Updated on 2024-02-19
Marshall A. Taylor and Dustin S. Stoltz
This repository contains all R code and data necessary to reproduce the plots "Cultural Cartography with Word Embeddings" forthcoming in Poetics. You can read the article at Poetics [PDF][DOI][preprint on SocArxiv].
To reproduce the figures, you will need to two sets of pretrained word embeddings: English fastText embeddings and the Historical Word2Vec embeddings trained on the Corpus of Historical American English. You can get them from the linked sites.
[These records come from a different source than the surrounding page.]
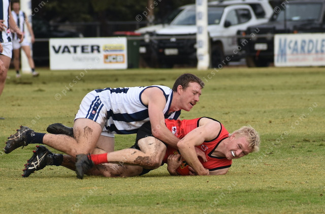 Yorke Peninsula’s Isaiah Wilksch on the ground after being tackled by Campbell Combe. (483102)
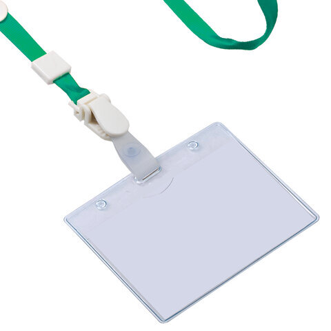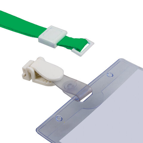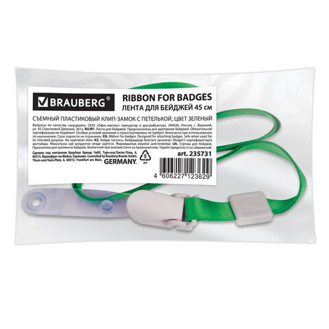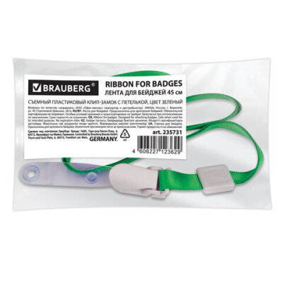 Лента для бейджей, 45 см, съемный пластиковый клип-замок с петелькой, ЗЕЛЕНАЯ, BRAUBERG, 235731
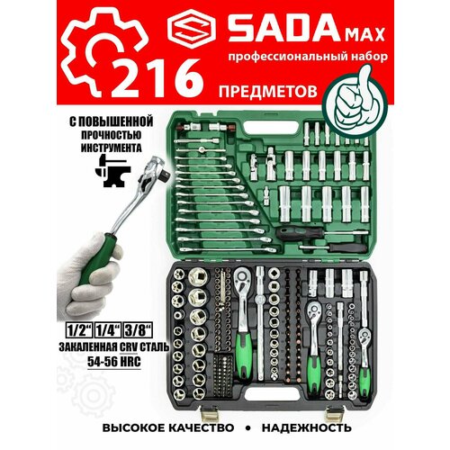 SADA Max 219 комбинированные ключи, шестигранники, торцевые, глубокие головки, реверсивные трещоточные ключи (малый, средний, большой), отвертки, удлинители, биты H, PH, PZ, T, TT, SL, S, TriWing, TORQ, FD, PZ, PH, TX, HEX, M, TT
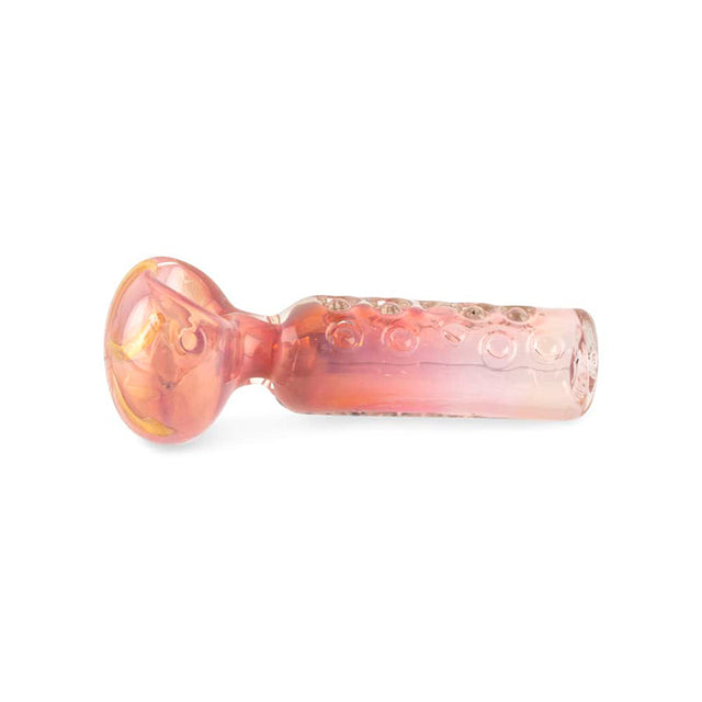 The Custom Glass 5 inch Gold Fumed Pink and Orange Spoon Hand Pipe keeps the classic spoon feel but adds some warmth through color and finish. The gold fumed glass gives it natural depth, while the pink and orange tones bring in just enough contrast to make it interesting without being loud. It feels comfortable in the hand and familiar right away.
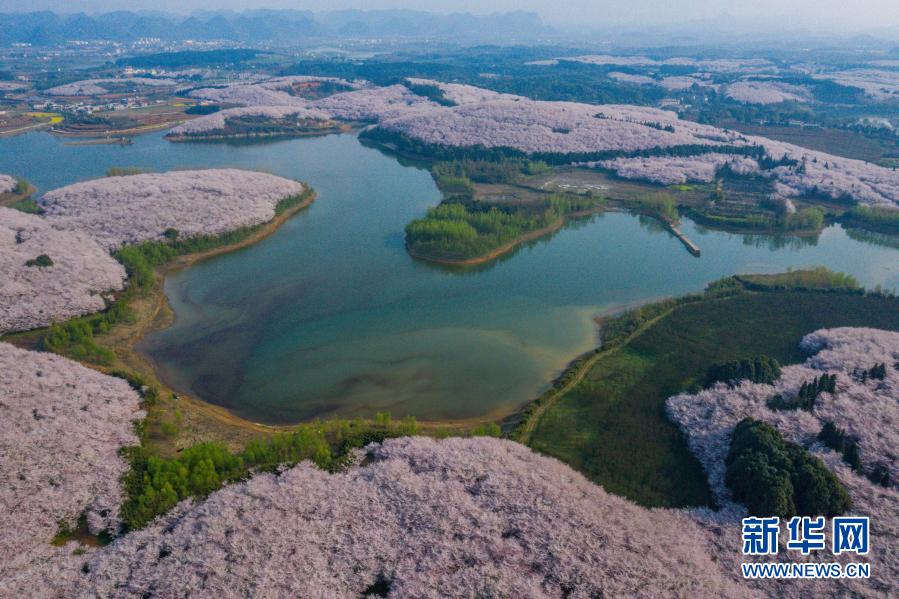 近日,貴州省貴安新區紅楓湖畔的櫻花觀光園內萬畝櫻花競相盛開,吸引不少游客前來觀賞。

We have prepared an R
package (text2map.pretrained
) for downloading and loading the embeddings:
# install the package
remotes::install_gitlab("culturalcartography/text2map.pretrained")
# load the package
library(text2map.pretrained)
You only need to download the embeddings models once per machine:
# download the fasttext embeddings
download_pretrained("vecs_fasttext300_commoncrawl")
# download the histwords embeddings
download_pretrained("vecs_sgns300_coha_histwords")
# Load them into the session
data("vecs_fasttext300_commoncrawl")
data("vecs_sgns300_coha_histwords")
# assign to new (shorter) object
ft.wv <- vecs_fasttext300_commoncrawl
hi_wv <- vecs_sgns300_coha_histwords
# then remove the original
rm(vecs_fasttext300_commoncrawl)
rm(vecs_sgns300_coha_histwords)
Next, we use roughly 200,000 news articles from the All The News (ATN) dataset covering 2013-2018. We also convert the texts of the articles into a Document-Term Matrix (for our preprocessing procedure see the paper), which is 11,271 unique terms, 197,814 documents, and 79,483,124 total terms. It is also a smidge too big for Github, so we've hosted on Dropbox:
You can also download it directly using R:
temp <- tempfile()
download.file("https://www.dropbox.com/scl/fi/34ic6nw4bw8ku3tdodrf7/dtm_news.Rds?rlkey=8mwuaedqpiqe6zut11ryhvg3o&raw=1",
destfile = temp
)
news_dtm_99 <- readRDS(temp)
nrow(news_dtm_99) == 197814
ncol(news_dtm_99) == 11271
Then load the metadata for the ATN corpus:
news_data <- readRDS("data/news_metadata.Rds")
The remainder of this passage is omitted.